I am not familiar with the CP5, so I don't know which system it uses.

The circuit you descirbed above is what is in the Walther FP. There is a schematic on the Yahoo FP group. The old Walther FP had a solenoid, in which the plunger was also the firing pin. It used a lot more current (heck, it had a neon bulb as a charge indicator!)

The Morini has a solenoid with a light and fast plunger that releases a catch lever that holds back the striker (much like all modern electro-mechanical firing systems.) It has a fairly small electrolytic cap that is close to the size of those found on the flash circuit of disposable cameras. It produces a fair amount of high voltage, but based on the extremely fast re-cycle time, I doubt it is a terribly powerful impulse (I still would not play with the cap, without discharging it.)

toznerd
Philadelphia
Posts: 170
Joined: Tue Apr 07, 2009 4:52 pm

Re: electronic triggers

Post by Philadelphia »

toznerd wrote:
Philadelphia wrote:
Anonymous wrote:
Freepistol wrote:
jbshooter wrote:I'm thinking of getting a CM84E board etc to replace the one in my Wather FP. any comments would be welcome...
That will be great if it works! Please, let us know what you discover.
Ben
If I'm not mistaken, doesn't the solenoid on the Walther directly drive the firing pin, where on the Morini, it releases the firing pin. Two very different sets of requirements concerning voltage and amperage. Of course, you could make the circuit work, but it would take enough modification (i.e. use the Morini voltage impulse to trigger another circuit to fire a much more powerful solenoid) that it might not be worth the trouble. I'm definately curious if you undertake the challenge. Keep us posted.

toznerd
I don't have the Morini but having seen older ones and descriptions of them, my understanding (and a bit of an educated guess) is the electronics drive either a buck or flyback dc-to-dc converter to charge a large high voltage capacitor; the trigger pull connnects the output of that capacitor to a coil wound around the firing pin itself which sends the firing pin at the primer. The function of the electronics is similar in concept to the electronic flash of a camera. Step up the voltage and store it; release it and you get the functionality.

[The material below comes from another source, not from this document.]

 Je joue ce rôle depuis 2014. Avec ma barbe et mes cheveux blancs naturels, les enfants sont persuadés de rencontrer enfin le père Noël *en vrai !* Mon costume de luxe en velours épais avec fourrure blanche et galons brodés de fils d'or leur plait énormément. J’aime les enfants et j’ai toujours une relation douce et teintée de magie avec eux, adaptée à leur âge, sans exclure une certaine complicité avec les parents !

I am not familiar with the CP5, so I don't know which system it uses.

The circuit you descirbed above is what is in the Walther FP. There is a schematic on the Yahoo FP group. The old Walther FP had a solenoid, in which the plunger was also the firing pin. It used a lot more current (heck, it had a neon bulb as a charge indicator!)

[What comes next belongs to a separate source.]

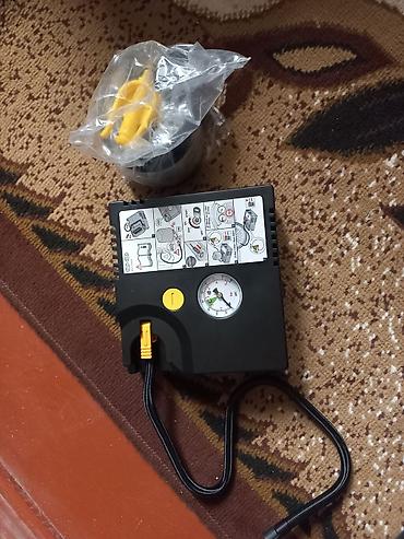 - Портативный 12В компрессор с манометром на корпусе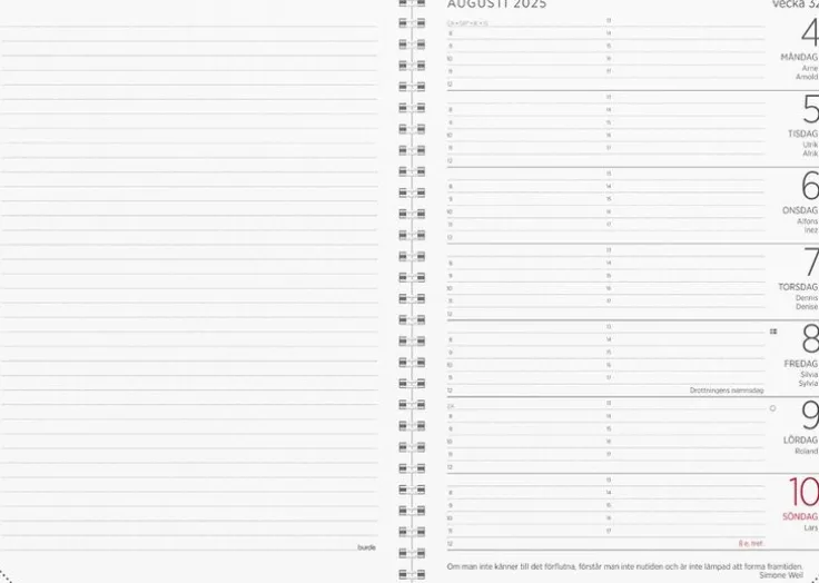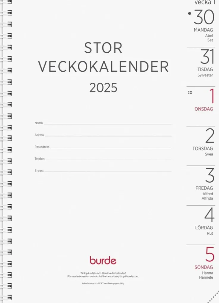 Kalender 2025 från Burde. Format: A5. Layout: Liggande. Vecka/uppslag. Timindelning 8-17. Kalendarium: 2024-12-23 – 2026-01-04. Omslag: Kartong. Spiralbunden. Innehåll: Årsplaner, linjerade vänstersidor, internationella helgdagar, löst telefonblad. Antal sidor: 112. Miljöinformation: FSC®.

The Morini has a solenoid with a light and fast plunger that releases a catch lever that holds back the striker (much like all modern electro-mechanical firing systems.) It has a fairly small electrolytic cap that is close to the size of those found on the flash circuit of disposable cameras. It produces a fair amount of high voltage, but based on the extremely fast re-cycle time, I doubt it is a terribly powerful impulse (I still would not play with the cap, without discharging it.)

toznerd
I see what you're saying in terms of the lethality of the Morini circuit, but functionally it appears very similar to the Walther FP (dc-to-dc boost circuit charging a capacitor). If the electronics croak, either are easy enough to fix.

The CP5 uses just a solenoid activated through a one shot (monostable multivibrator). About as simple as it gets.